First published in The Islander in 1939

The islet

Elizabeth Castle, as its name suggests, dates from the days of the great Tudor Queen. But its site had long previously been associated with events of local importance, the earliest of which might well be termed legendary rather than historical.

Here, about the year 540 AD, came Helier, the Christian anchorite after whom our town is named. He chose as his habitation a lonely spume-sprayed rock south east of the islet, where his reputed bed, a rough niche in the rock, may still be seen. In the same place, some 15 years later, he was discovered by a band of marauding sea-rovers and put to the sword, thus earning a place in the Calendar as Jersey's first Christian martyr and patron saint.
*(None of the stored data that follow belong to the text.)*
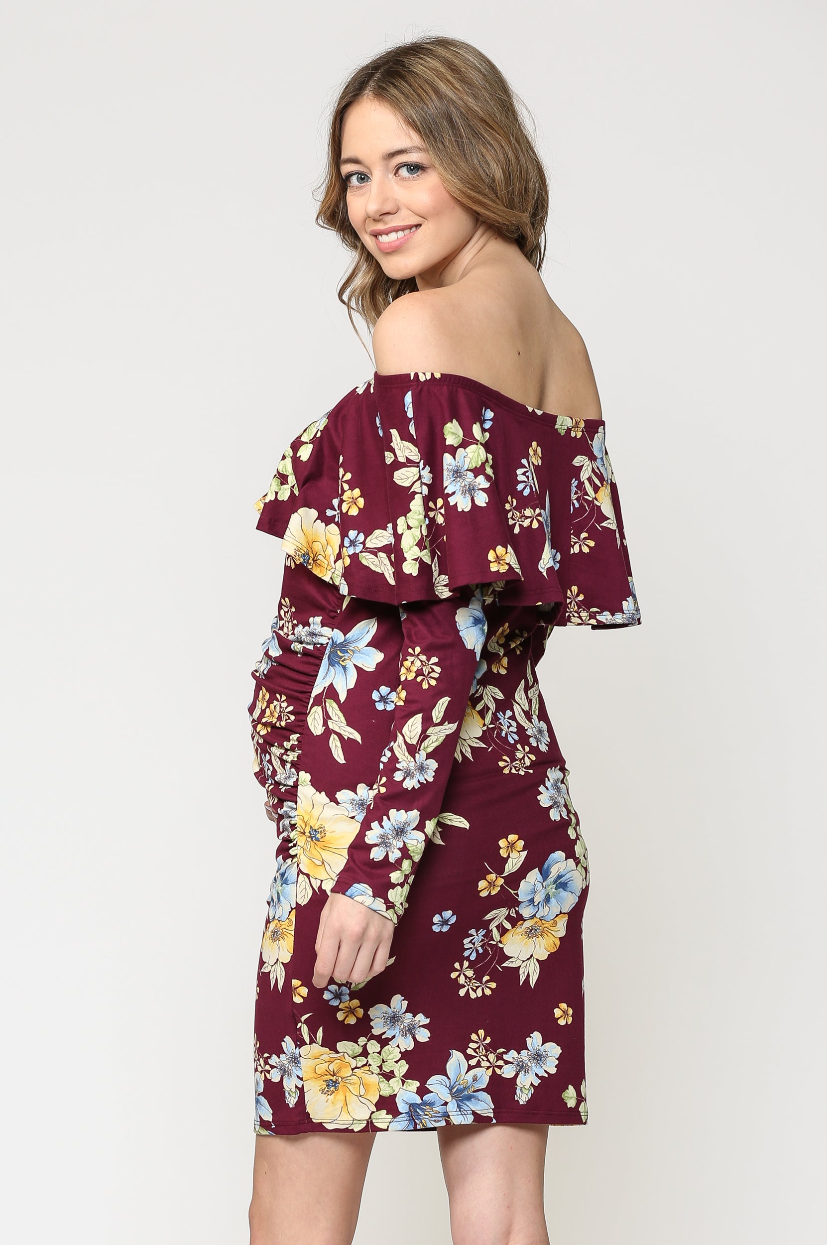 Floral Off The Shoulder Ruffle Maternity Dress With Ruched Sides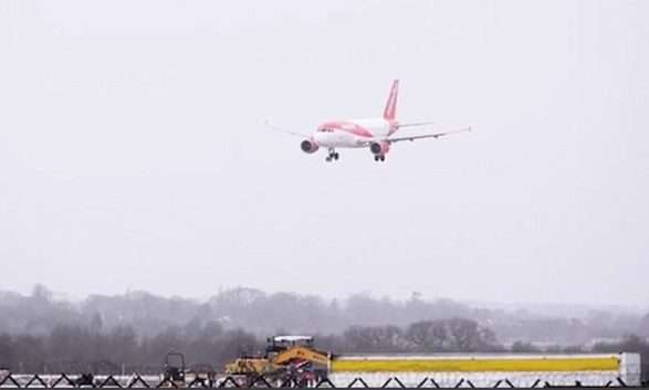 Një video e filmuar në aeroportin e Mançesterit tregon uljet e vështira të dy aeroplanëve në mes të stuhisë Emma ditën e enjte.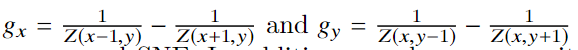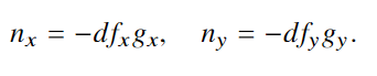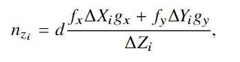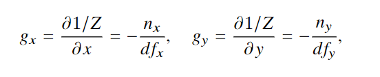 如图2所示,可以分别用水平和垂直图像梯度滤波器对反深度图像1 / Z(或视差图像与深度成反比)进行卷积来分别近似。对上面的式子进行变形,可以得到nx、ny的表达式:

The Hermitage, or oratory, which encloses his cell was erected at a much later date, probably in the 12th century.

St Marculf

St Helier was a pupil of St Marculf, to whom is chiefly attributed the conversion of the islanders to Christianity. As the population of Jersey then numbered, we are told, only 30 families, the task was not quite so formidable as it sounds.

But the benefits conferred by these pioneers of Christianity were material as well as spiritual. The monasteries which they founded invariably attracted settlers to the district, agriculture and the rudiments of education were taught, and an impetus given to civilisation generally.

Shortly after the death of St Helier, St Marculf established a monastic settlement upon the islet, and the agglomeration of peasants' huts which, as a consequence, sprang up in the near vicinity, formed the foundations of the future town of St Helier.

After the death of Marcuif in 558, his work was carried on by St Magloire or Mannelier. In 577 Pretextat, Archbishop of Rouen, as the result of a quarrel with the Frankish King, fled to Jersey and took refuge in the Monastery of the islet. He was the first of the host of political exiles who, throughout history, have found shelter and security on our shores.

Jersey's inclusion in the Empire of Charlemagne is disclosed by the records of the Abbey of Fontenelle, which state that the Emperor sent Abbot Gerwold on a diplomatic mission to Augia, as it was then termed, in 790.

Towards the end of the ninth century, Norse raiders again descended on the Islet and St Marculf's Monastery was laid in ruins.

The castle floodlit

Abbey of St Helier

In the 12th century, the islet emerges from the obscurity of tradition into the light of documented history. In 1155 William Fitz-Hamon, member of the powerful family owning estates both in Jersey and the Cotentin, founded, on the long-deserted site of Marculf's Monastery, a new abbey, which was named in honour of the hermit who had perished so miserably 600 years before.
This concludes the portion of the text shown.